コンテナデプロイ前に実施する対策5つ
では実際にどんな対策ができるだろうか。コンテナデプロイ前に実施するマルウェア対策の代表例を5つ紹介しよう。
コンテナイメージに対するスキャン
コンテナセキュリティで代表的かつ欠かせないものとなる。コンテナイメージに脆弱性やマルウェアが潜んでいないかスキャンする。セキュリティベンダー製品の利用、またはレジストリサービスに組み込まれている機能を利用する。
なおコンテナイメージにマルウェアが混入する時とは、先述した通り、公開されているイメージが発端になるケースが多い。

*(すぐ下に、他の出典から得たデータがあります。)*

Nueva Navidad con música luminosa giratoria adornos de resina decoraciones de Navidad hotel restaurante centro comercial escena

こういう場合だと不特定多数を狙うばらまき型が考えられる。逆に特定の企業を標的にするなら外部から脆弱性をついた攻撃が起点となり、成功すれば徐々に攻撃が進行していく。
あるいは何らかの形で開発環境やビルド環境が侵害されてマルウェアごとパッケージングしてしまうケースであれば、コンテナイメージのスキャンだけではなく、脆弱性をつぶしておくことも有効な対策となる。

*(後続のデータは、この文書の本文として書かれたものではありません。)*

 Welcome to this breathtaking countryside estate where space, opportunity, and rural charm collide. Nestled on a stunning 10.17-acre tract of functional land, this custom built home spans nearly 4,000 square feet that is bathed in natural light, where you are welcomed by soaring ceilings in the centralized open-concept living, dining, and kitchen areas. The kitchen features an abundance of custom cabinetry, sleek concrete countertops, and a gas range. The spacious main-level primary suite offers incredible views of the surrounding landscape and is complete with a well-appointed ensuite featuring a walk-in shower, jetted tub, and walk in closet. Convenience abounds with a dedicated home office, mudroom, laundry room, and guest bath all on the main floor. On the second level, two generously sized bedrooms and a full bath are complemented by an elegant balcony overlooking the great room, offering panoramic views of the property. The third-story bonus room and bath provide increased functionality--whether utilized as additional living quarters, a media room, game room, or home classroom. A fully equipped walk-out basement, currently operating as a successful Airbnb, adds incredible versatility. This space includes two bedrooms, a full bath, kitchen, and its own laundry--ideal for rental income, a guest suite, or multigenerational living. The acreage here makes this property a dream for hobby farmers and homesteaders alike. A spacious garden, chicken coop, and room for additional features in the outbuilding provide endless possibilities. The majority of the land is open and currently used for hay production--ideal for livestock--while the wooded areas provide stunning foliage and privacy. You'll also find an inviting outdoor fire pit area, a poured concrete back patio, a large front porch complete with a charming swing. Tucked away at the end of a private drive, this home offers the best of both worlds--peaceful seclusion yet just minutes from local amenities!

野村氏は「コンテナイメージのスキャンで大切なことは、マルウェアや脆弱性を検知した時の対応方針やフローを事前に決めておくことが必要です。常套手段としてはコンテナイメージを新しく更新し、修正パッチが適用されたイメージを利用します。しかしもし修正パッチが公開されていなければどうするか。代替製品に切り替える、または脆弱性のリスクを許容するなどの判断が必要となります」と説明する。
脆弱性を作り込まないようにする
脆弱性はあらゆる攻撃の起点となりうるため、脆弱性が生じる余地をできるだけつぶしておくことも有効となる。ミドルウェア(Kubernetes)やコンテナ内アプリケーションや各種コンポーネントは最新バージョンにしておく。
コンテナやオーケストレーターを操作するAPIが起点になる場合もあるので、APIやメンテナンス用のポートの公開範囲は必要最小限に絞っておく。ユーザーアカウントの権限やアプリ実行ユーザーの範囲も最小限に。またWebアプリは外部との接点となるため、アプリ自体のコーディングや設定をセキュアにしておくことも重要だ。
Read Onlyモードの活用
コンテナのファイルシステムをRead Only(読み取り専用)で動作させる。これならマルウェアの配置やファイルの書き換えを制限できる。この対策だと、コンテナ稼働後にコンテナに混入してくるマルウェアにも有効な対策となるため、とても有効だ。
ただしコンテナで稼働させるシステムが読み取り専用に耐えうるものでなくてはならない。リフト&シフトでは難しいが、システムの設計段階から読み取り専用での運用を想定しておく必要がある。またファイルを使うことのないファイルレスマルウェアには効果的ではないことも忘れてはならない。
開発・ビルド環境をセキュアにする
繰り返しになるが、開発環境やビルド環境が侵害されてマルウェアが混入してしまうケースがある。そこで開発に使う端末やビルド環境サーバーにアクセスするサービスアカウントの管理と運用をセキュアにしておく必要がある。またコードのリポジトリやコンテナイメージのレジストリの認証情報も適切に運用することで、侵入や侵害を防ぐことにつながる。
適切なコンテナイメージタグ運用
コンテナではタグをつけることが可能だが、これを狙う攻撃もあるので注意が必要だ。野村氏は「デフォルトで付与される“Latest”タグを安易に使うことは推奨されていません。最新版を取ってくるので便利ですが、別のコンテナイメージに付け替えられることもあります。悪意ある第三者にマルウェア入りのコンテナイメージに“Latest”タグがつけられ、誤って拾ってしまうケースも想定されます」とくぎを刺す。
そのためタグに頼らないことや、タグの付け替えができないような仕組みにしておく、取得したいコンテナイメージを一意に特定する仕組みにするなどの対策が有効となる。野村氏は「正規のレジストリから正規のイメージを確実に取得、利用できるような仕組みをつくることが重要です」と強調する。